All Products
Search
Document Center

Container Service for Kubernetes:Overview of running model training jobs on Kubernetes

Last Updated:Mar 06, 2025

Run standalone TensorFlow training jobs

You can run standalone TensorFlow training jobs in Container Service for Kubernetes (ACK) clusters. ACK provides resource management capabilities that allow you to quickly deploy and run standalone TensorFlow training jobs. This topic describes how to create training jobs, configure resources, and run training jobs. You can refer to this topic to easily get started with standalone TensorFlow training jobs. For more information, see Use Arena to submit standalone TensorFlow training jobs in a Kubernetes cluster.

Run distributed TensorFlow training jobs

You can run distributed TensorFlow training jobs in ACK clusters. You can utilize the parallel computing capabilities provided by ACK based on multiple computing nodes to improve the speed and efficiency of distributed training jobs. This topic introduces the basic terms related to distributed model training and describes how to configure a cluster for distributed model training and how to run distributed TensorFlow training jobs in ACK clusters. You can refer to this topic to optimize the performance of distributed TensorFlow training jobs. For more information, see Use Arena to submit distributed TensorFlow training jobs in a Kubernetes cluster.

Use Arena to submit standalone PyTorch training jobs

Arena is a tool designed to simplify machine learning (ML) task submission.
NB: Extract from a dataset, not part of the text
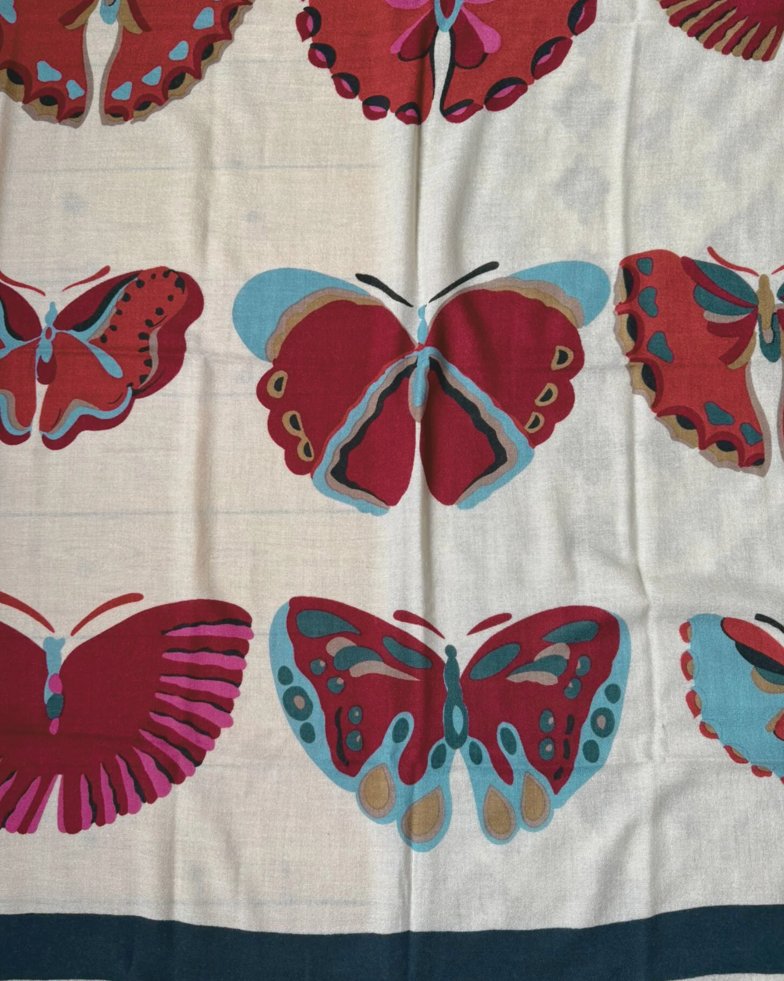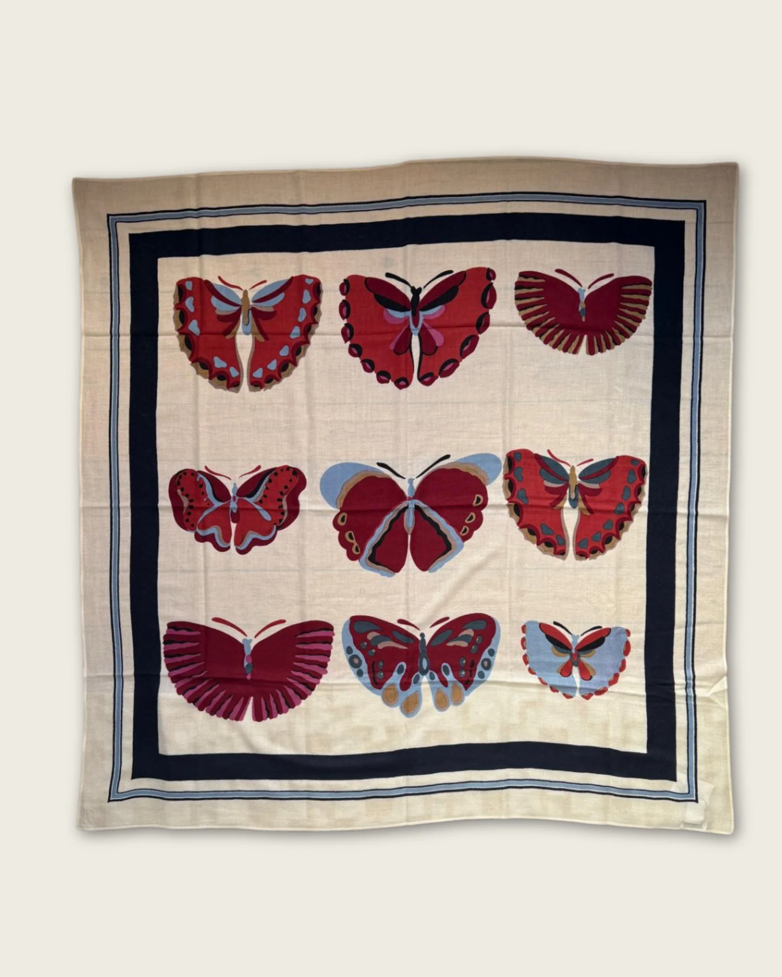 Délicat et raffiné, ce carré Éric Bompard est confectionné en 100 % cachemire, une matière d’exception reconnue pour sa douceur incomparable et sa légèreté enveloppante. Son fond écru, sublimé par de fins motifs papillons, apporte une touche poétique et élégante à cet accessoire intemporel.

You can use Arena to submit standalone PyTorch training jobs on Kubernetes. This topic describes how to install and configure Arena and how to use Arena to submit standalone PyTorch training jobs. You can run simple commands to submit and manage standalone PyTorch training jobs. This helps you improve training efficiency. For more information, see Use Arena to submit standalone PyTorch training jobs.

Use Arena to submit distributed PyTorch training jobs

You can use Arena to submit distributed PyTorch training jobs on Kubernetes. This topic describes how to use Arena to submit a distributed PyTorch training job that runs on multiple nodes in a Kubernetes cluster. You can modify the parameters of a training job to implement parallel model training in a distributed environment. This helps you improve training efficiency and increase the model size. For more information, see Use Arena to submit distributed PyTorch training jobs.

Elastic model training

ACK allows you to enable elastic model training based on scalable computing resources. You can dynamically adjust the amount of computing resources allocated to your training jobs based on actual workloads. This topic describes the benefits of elastic model training, including on-demand scaling, resource utilization improvement, and cost optimization. You can configure elastic training policies to manage and utilize computing resources in a flexible and efficient manner. For more information, see Elastic model training on Kubernetes.

Run DeepSpeed distributed training jobs

DeepSpeed is a framework used to optimize deep learning jobs. You can run DeepSpeed distributed training jobs on Kubernetes. This topic introduces the core features of DeepSpeed, including automatic mixed precision training, model sharding, and model optimizers, and describes how to use DeepSpeed to submit distributed training jobs in an ACK cluster. You can refer to this topic to improve model training efficiency and train large-scale models. For more information, see DeepSpeed distributed training.

Summary

  • Standalone TensorFlow training: provides guidance for running standalone TensorFlow training jobs on Kubernetes.

  • Distributed TensorFlow training: provides guidance for running distributed TensorFlow training jobs on Kubernetes.

  • Arena: provides guidance for using Arena to submit standalone and distributed PyTorch training jobs. Arena simplifies the deployment and management of training jobs.

  • Elastic model training: provides guidance for enabling elastic model training based on the scaling capability of Kubernetes to improve resource utilization and reduce costs.

  • DeepSpeed distributed training: provides guidance for using DeepSpeed to optimize distributed training and train large-scale models.

The preceding features and tools provide comprehensive support for efficient ML and deep learning job execution on Kubernetes, and help you improve training efficiency, optimize resource utilization, and reduce operational costs.